I accidentally requested the ides of march off instead of st patricks day. Is this an omen? will alcohol be my brutus?
Brought out my three foot martini glass last night, that explains why I haven't left my bed all day long.
her cat watched me eat her out... I would use the alternate term for both of those things but it's too weird.
There are taser marks on me. Your face flashed before my eyes when i woke up and saw them.
When you start quoting save the last dance you need to stop drinking
Things I have learned since the start of my first college spring break: do not fart in an enclosed space (such as a shower stall) when hungover. You will throw up. More lessons to follow as week continues.
Well my dad thinks I wake up at 3 or 4 am every day. Really it is just all the booty calls, but I'm glad he thinks I am so motivated
The cop actually kicked the bitches out of the cab so we could get ours. I flipped them all off as the door was shutting. That drunk.
I don't know what to say to that. All I know is my vagina is trying to jump through the phone.

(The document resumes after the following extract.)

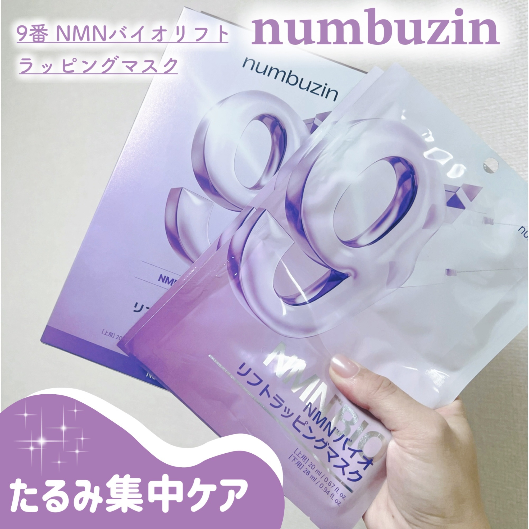 【PR】numbuzinナンバーズインアンバサダー投稿です💜ハリ・弾力ケアでお馴染みの9番ライン✨【9番NMNバイオリフトラッピングマスク】ハリと弾力を一気に仕込んでむくみゼロシートマスク!!上用シート:毛穴・弾力ケアができる純度98%のNM...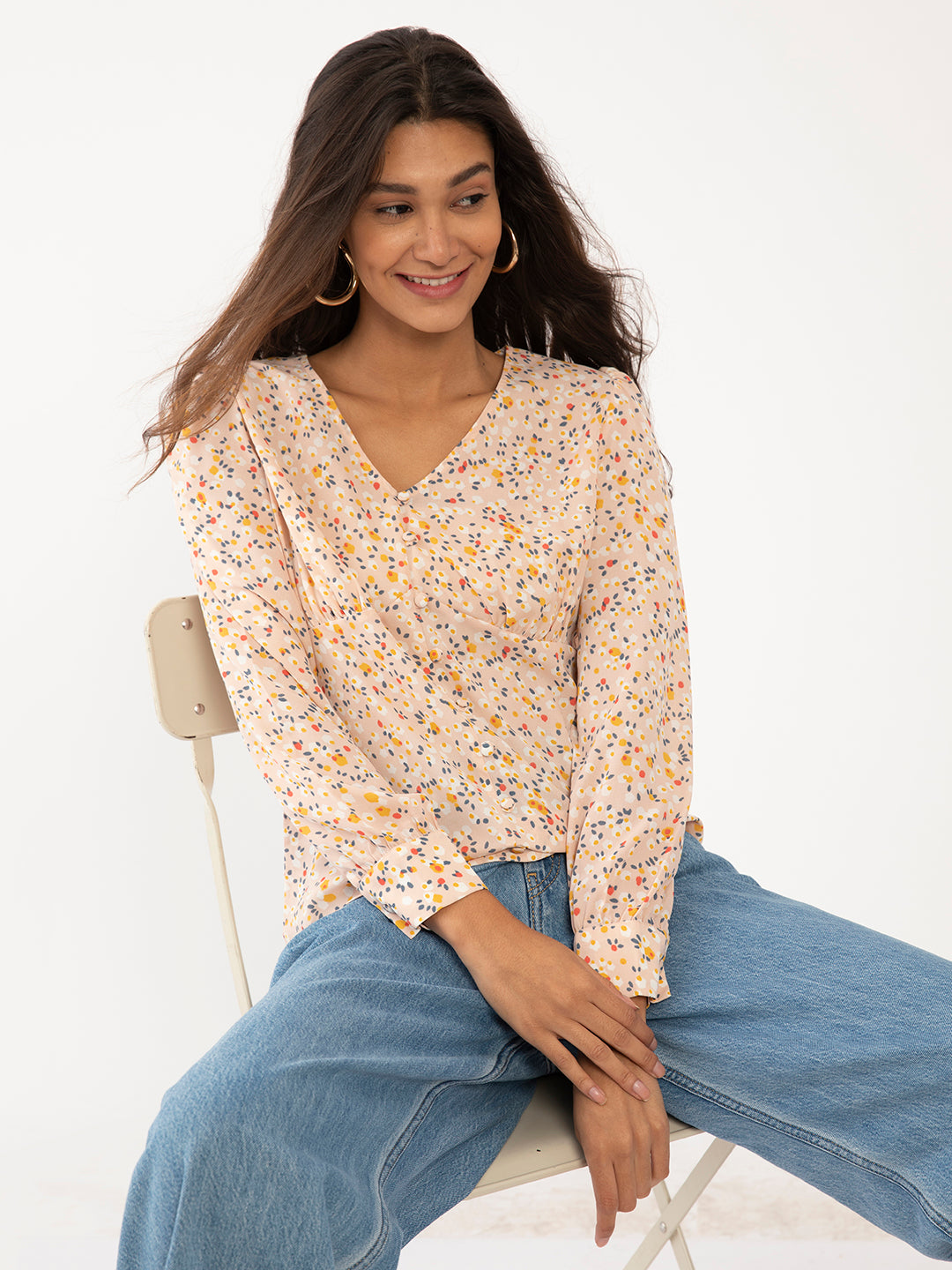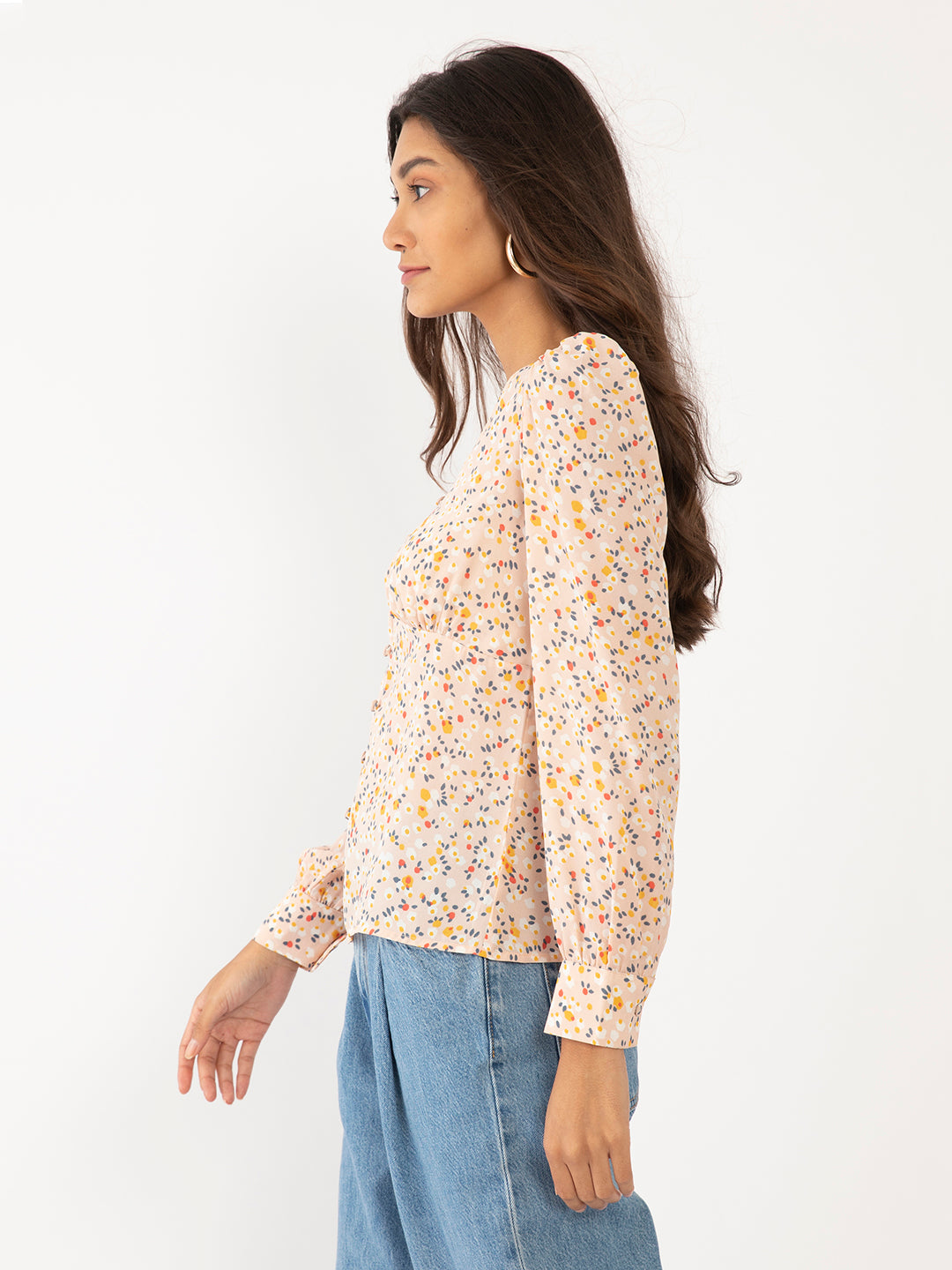Black & Baby Pink Floral Print Ruffled Sleeves Top

I don't know if I should feel proud or ashamed of myself...ashamed for making myself a drink at 6:15am or proud for actually being awake that early.
Sitting topless in my room drinking wine from a box... It's good to be back at school
That pizza at 1 am literally tasted like I was eating an angel
I can't wait to get home and drunk cuddle your dog
Why can't you just come over, fuck me, then leave so i can get stoned and watch law and order?